Suppose C[0,1] is not connected. Then there exists open nonempty subsets U and V of C[0,1] s.t $C[0,1] = U\cup V$ and $U\cap V = \emptyset$. Let $x=(x_1,...,x_n)\in U$ and $y=(y_1,...,y_n)\in V$. Let $$f(t) = (tx_1+(1-t)y_1,tx_2+(1-t)y_2,...,tx_n+(1-t)y_n)$$ for $0\leq t \leq1$ . We show that f is continuous from [0,1] into C.

Let $\epsilon >0$. Let $\delta = \epsilon /(\sup_{x \in [0,1]}|f(x)-g(x)|)$. If $|t_1 - t_2| < \delta$, then

$d(f(t_1),f(t_2)) < \epsilon$. Then f is continuous.

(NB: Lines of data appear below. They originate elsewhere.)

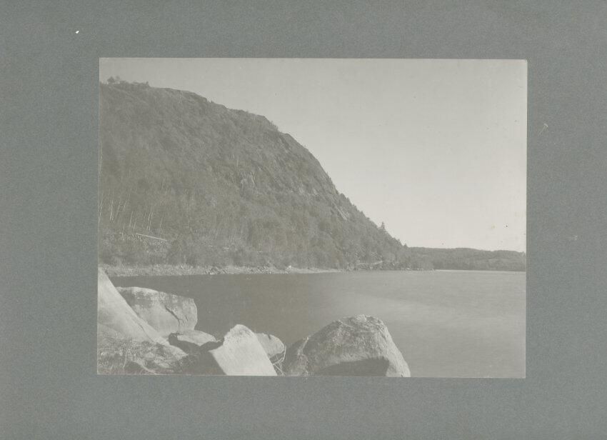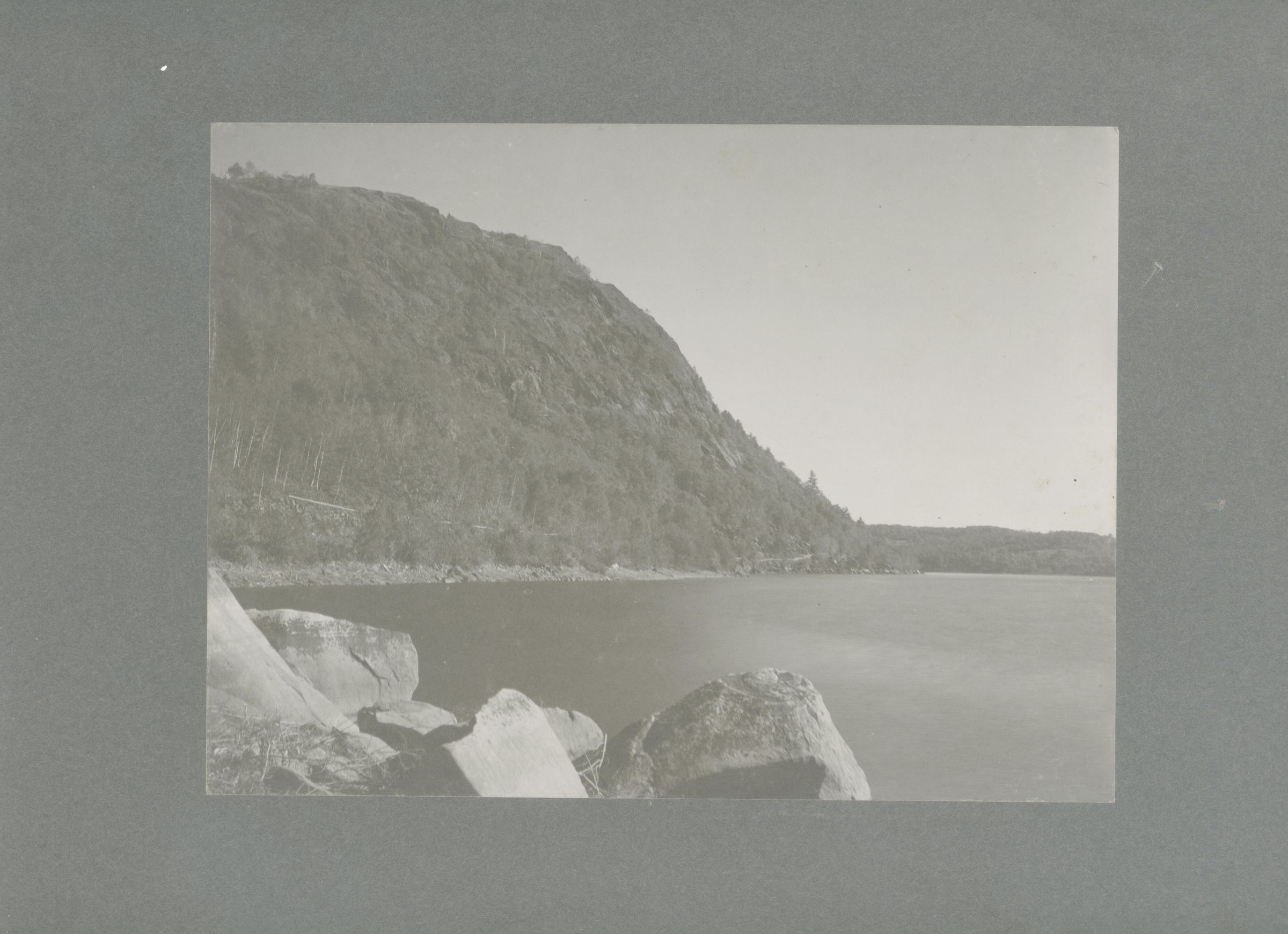 black and white photo of Megunticook Lake , also showing the Turnpike with Maiden's Cliff in the backgroundCollection
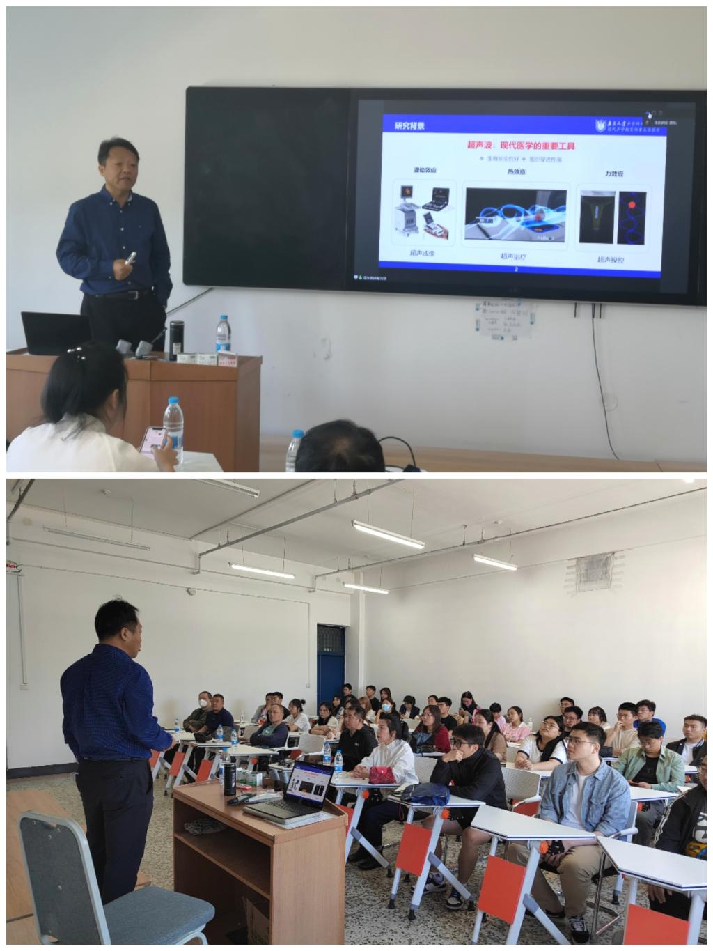 章东教授为物理学科师生作“热消融治疗中生物活体温度感知技术研究”的学术报告,报告由吴丰民教授主持。在报告中,章东教授给大家系统地介绍了超声波技术因其生物安全性好、组织穿透性强等特点成为现代医学的重要工具,而基于高强度聚焦超声(HIFU)的热消融是一种新兴的肿瘤微/无创治疗技术,有治疗多种重大疾病的潜力,但现有的测温手段很少有应用在临床活体热疗的监测中,成为活体超声治疗亟待解决的关键技术问题。报告中介绍了章东教授带领的南京大学医学超声团队与国内知名医疗机构联合开发的基于动态选帧-自适应滤波(DFS-AF)的热应变温度成像技术及基于呼/吸气分离的DFS-AF热应变温度成像技术,有效解决了活体治疗温度检测问题,在高强度聚焦超声热消融领域具有极高的应用前景。报告内容丰富、生动、深入浅出,对物理学科相关声学科研工作具有指导作用。
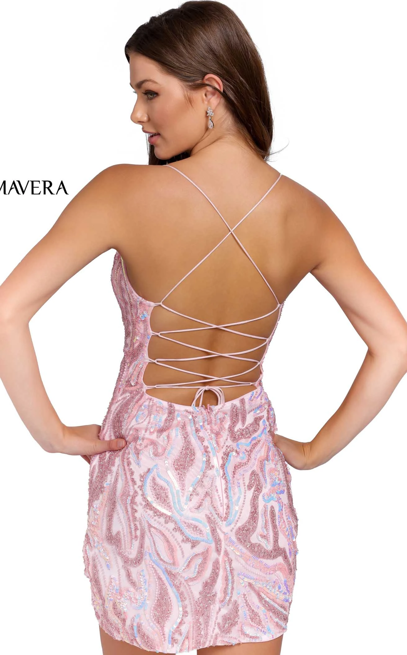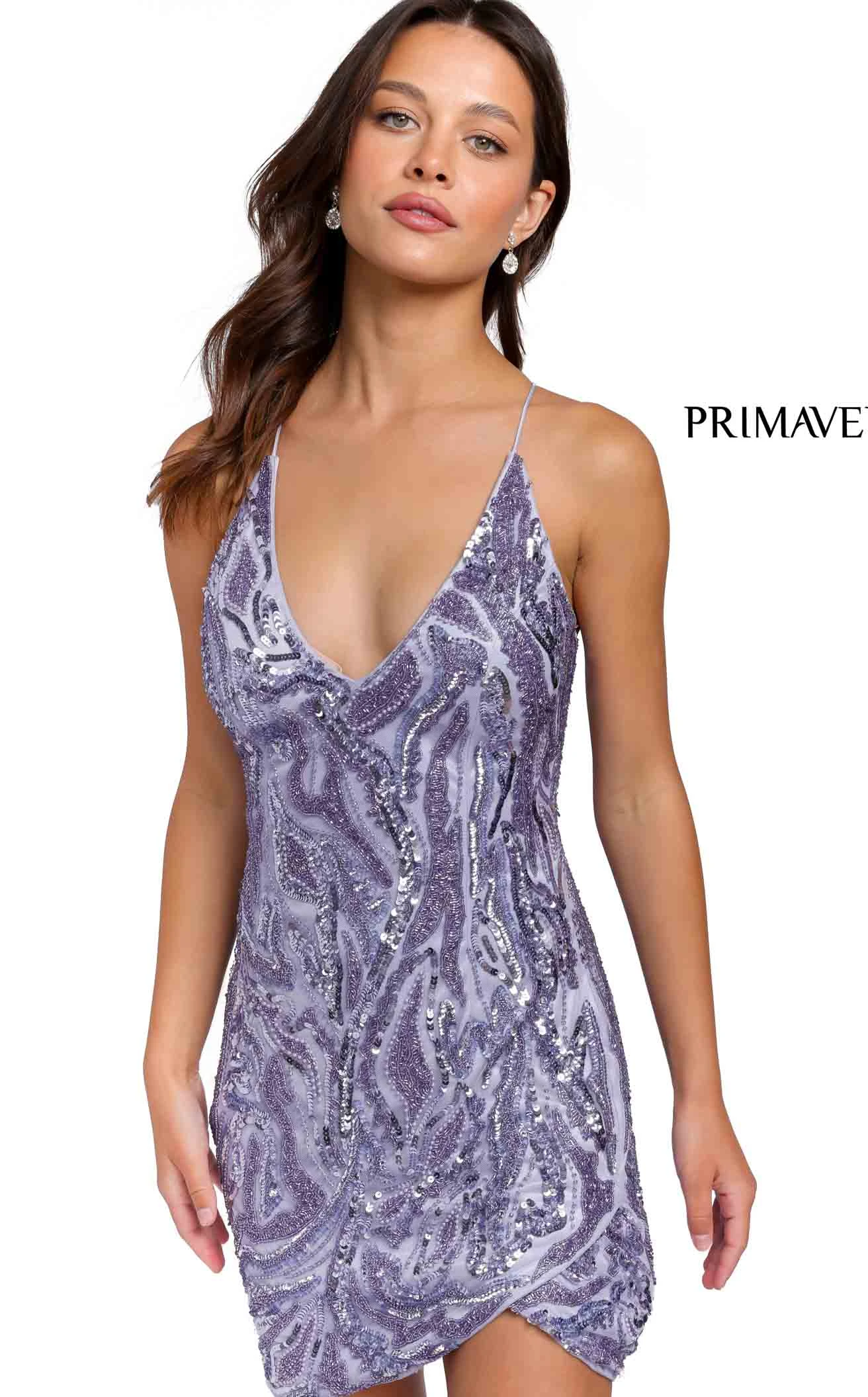 Be fashionable in a mesmerizing patterned short dress by Primavera Couture 3844. This dress has a fashionable V-neckline and a fashionable corset lace up. The fitted silhouette flatters your figure and is fully embellished with dazzling sequins and beadwork that creates a stunning wavy pattern. The flattering silhouette will make you feel like a goddess while the sequin embellishments add a touch of glamor.
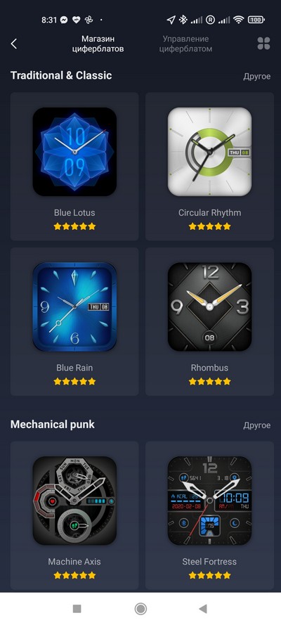 Магазин циферблатов. Система тут следующая. В часы помещается только четыре циферблата, причем два из них нельзя менять. В магазине циферблатов сейчас доступно порядка 50 циферблатов, но, чтобы какой-то из них закачать в часы, вы должны выбрать, какой один из двух закачанных в часы циферблатов заменит новый циферблат.
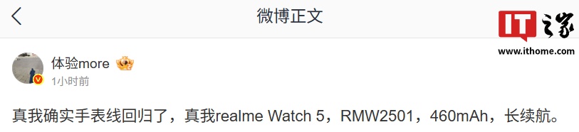 IT之家注意到,博主 @体验more 今日发文透露,真我手表线回归之作真我 realme Watch 5 型号为 RMW2501,内置 460mAh 电池,主打长续航体验。
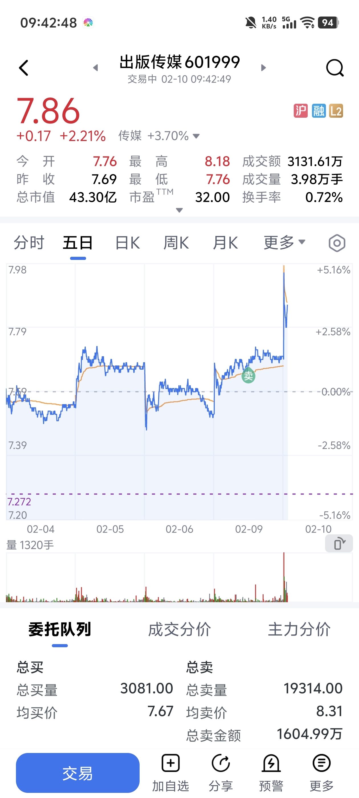 $出版传媒(SH601999)$ 启动前被洗下车了,也不敢接回来

But I am not sure if the steps are true or this theorem can be applied for C[0,1].

  • 1
    $\begingroup$ What does $x=(x_1,...,x_n)\in U$ mean? Elements of $U$ are functions, not $n$-tuples... $\endgroup$ – Eric Wofsey Nov 20 '17 at 1:12

Let $f$ be a continuous function defined on $[0,1]$, $f(x)=tf(x)$, $t\in [0,1]$ defines a path between $f$ and the $0$ function, so $C([0,1])$ is pathe connected hence connected.


For $f,g\in C[0,1]$, for any fixed $t\in[0,1]$, then $tf+(1-t)g\in C[0,1]$, so $C[0,1]$ is convex and hence connected.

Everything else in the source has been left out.